Without the pictures, set down every record below exactly as it reads.

[Dataset items]

--- START ---

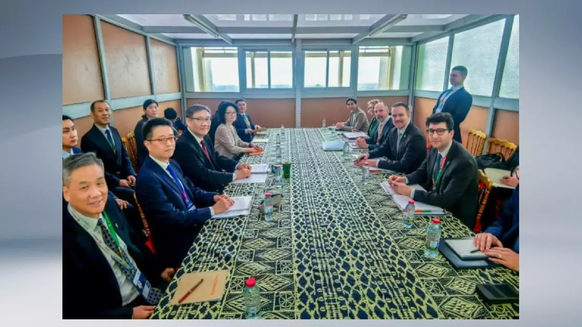 The meeting was held on the sidelines of the 14th Ministerial Conference of the World Trade Organization (WTO) in Yaoundé, Cameroon's capital.
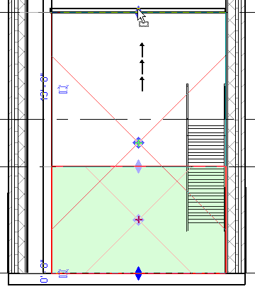 請注意,此時出現兩個拖曳控制柄(頂部和底部)及相應的關聯尺寸。 拖曳控制柄和尺寸標注指明了選定空間的垂直長度。 上方的拖曳控制柄和尺寸標注指明高度偏移。下方的拖曳控制柄和尺寸標注指明底部偏移。
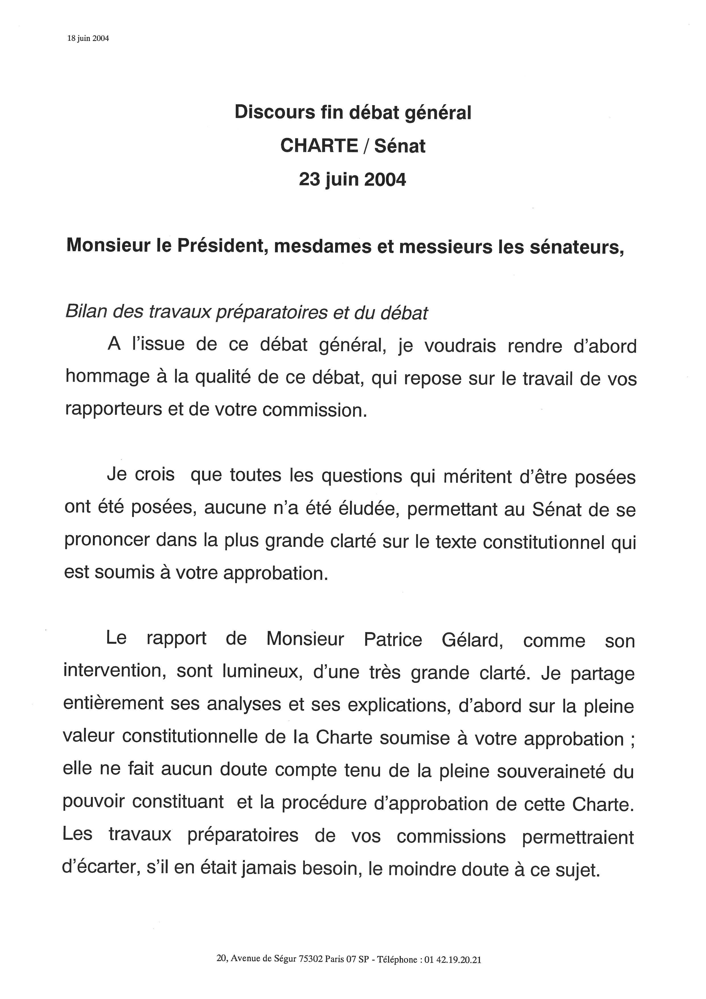 Présentation au Sénat du projet de loi constitutionnelle concernant la Charte de l’environnement, 2004
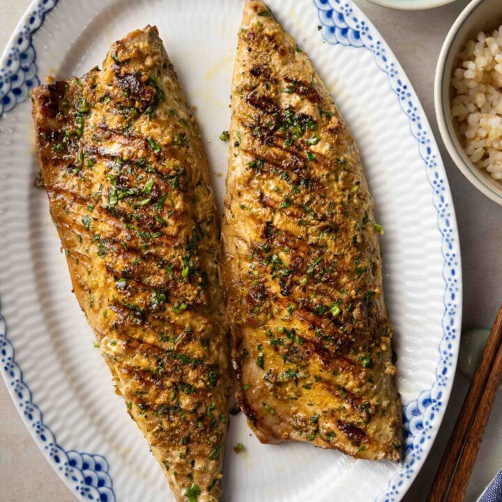 There are countless ways of seasoning or marinating salmon to make it even more flavorful before cooking. We love Trader Joes Soyaki Sauce to marinade the fillets and as a sauce to pour over it when it is plated.
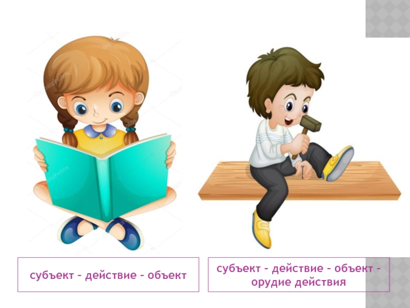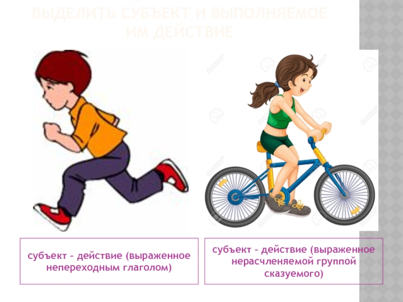 Слайд 16Картинки, на которых можно выделить субъект и выполняемое им действие
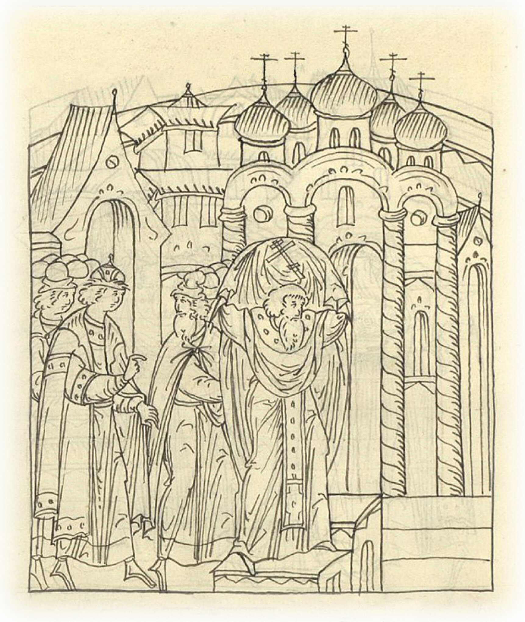 И отпустил его со святым животворящим крестом и со святыми бармами, и с царским венцом в соборную церковь Успения Пречистой Богородицы, а с ним послал своего конюшего князя Михаила Васильевича Глинского и своих двух казначеев, Ивана Ивановича Третьякова и Федора Ивановича Сукина, и двух дьяков Якова и Василия Григорьевых, детей Захарьиных.
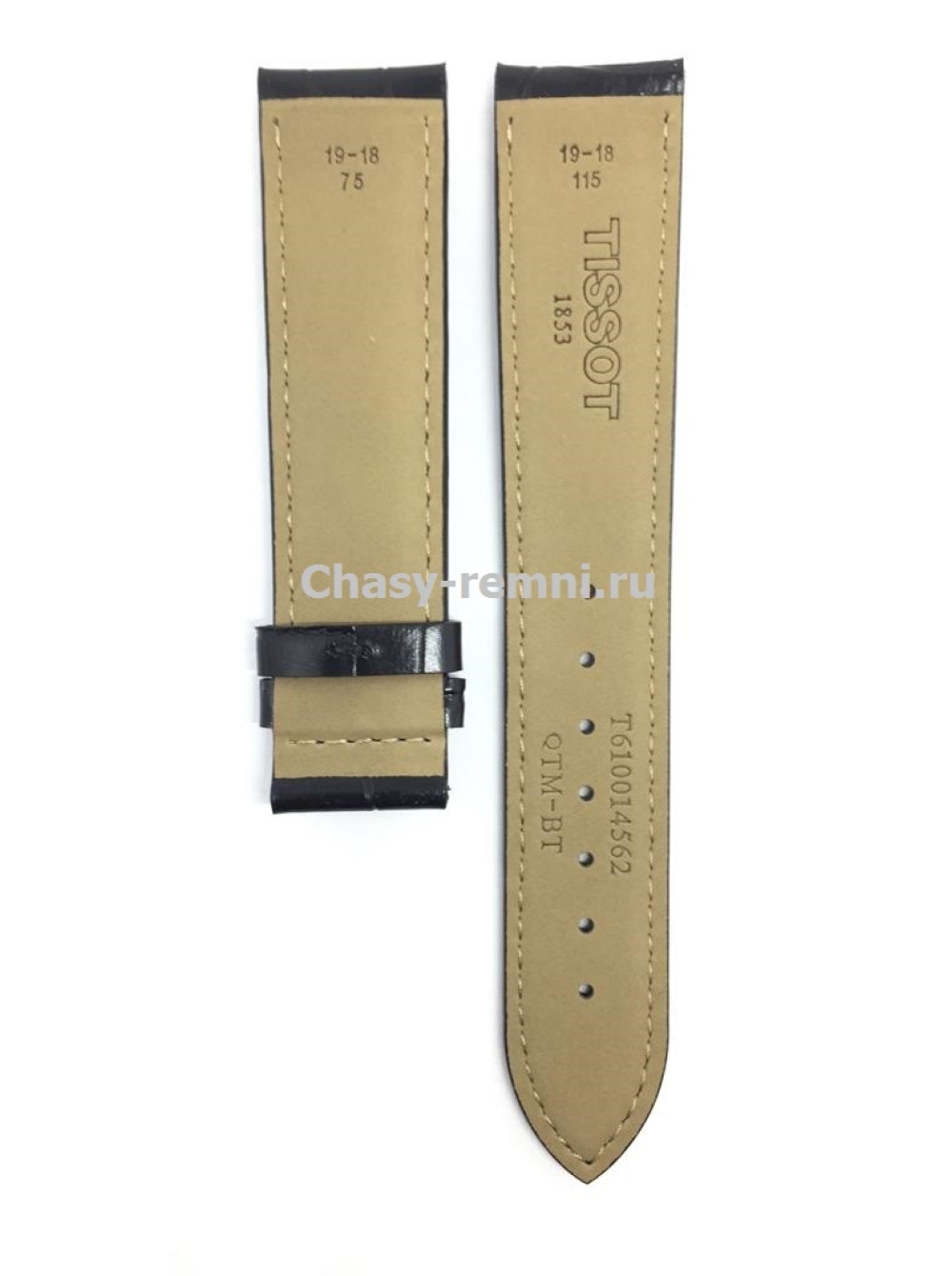 Оригинальный кожаный, черный ремешок TISSOT, имитация крокодила, без клипсы, PRC 200. Размер входящий в корпус и на клипсу 19/18 мм. Длина ремешка 75*115 мм.
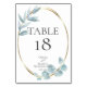 Número da Mesa de Casamento | Folhas de eucalipto em tons de azul poeira com uma moldura oval dourada. Personalize o texto, estilo de fonte, cor e tamanho. Arte original criada para a BarefootBride™ por © WhimsicalArtwork™ - Esta é parte de uma Suite de Papelaria de Casamento completa com papelaria de casamento, chá de bebê e outros eventos.

--- END ---

#### [Exercise output]
 The meeting was held on the sidelines of the 14th Ministerial Conference of the World Trade Organization (WTO) in Yaoundé, Cameroon's capital.
 請注意,此時出現兩個拖曳控制柄(頂部和底部)及相應的關聯尺寸。 拖曳控制柄和尺寸標注指明了選定空間的垂直長度。 上方的拖曳控制柄和尺寸標注指明高度偏移。下方的拖曳控制柄和尺寸標注指明底部偏移。
 Présentation au Sénat du projet de loi constitutionnelle concernant la Charte de l’environnement, 2004
 There are countless ways of seasoning or marinating salmon to make it even more flavorful before cooking. We love Trader Joes Soyaki Sauce to marinade the fillets and as a sauce to pour over it when it is plated.
 Слайд 16Картинки, на которых можно выделить субъект и выполняемое им действие
 И отпустил его со святым животворящим крестом и со святыми бармами, и с царским венцом в соборную церковь Успения Пречистой Богородицы, а с ним послал своего конюшего князя Михаила Васильевича Глинского и своих двух казначеев, Ивана Ивановича Третьякова и Федора Ивановича Сукина, и двух дьяков Якова и Василия Григорьевых, детей Захарьиных.
 Оригинальный кожаный, черный ремешок TISSOT, имитация крокодила, без клипсы, PRC 200. Размер входящий в корпус и на клипсу 19/18 мм. Длина ремешка 75*115 мм.
 Número da Mesa de Casamento | Folhas de eucalipto em tons de azul poeira com uma moldura oval dourada. Personalize o texto, estilo de fonte, cor e tamanho. Arte original criada para a BarefootBride™ por © WhimsicalArtwork™ - Esta é parte de uma Suite de Papelaria de Casamento completa com papelaria de casamento, chá de bebê e outros eventos.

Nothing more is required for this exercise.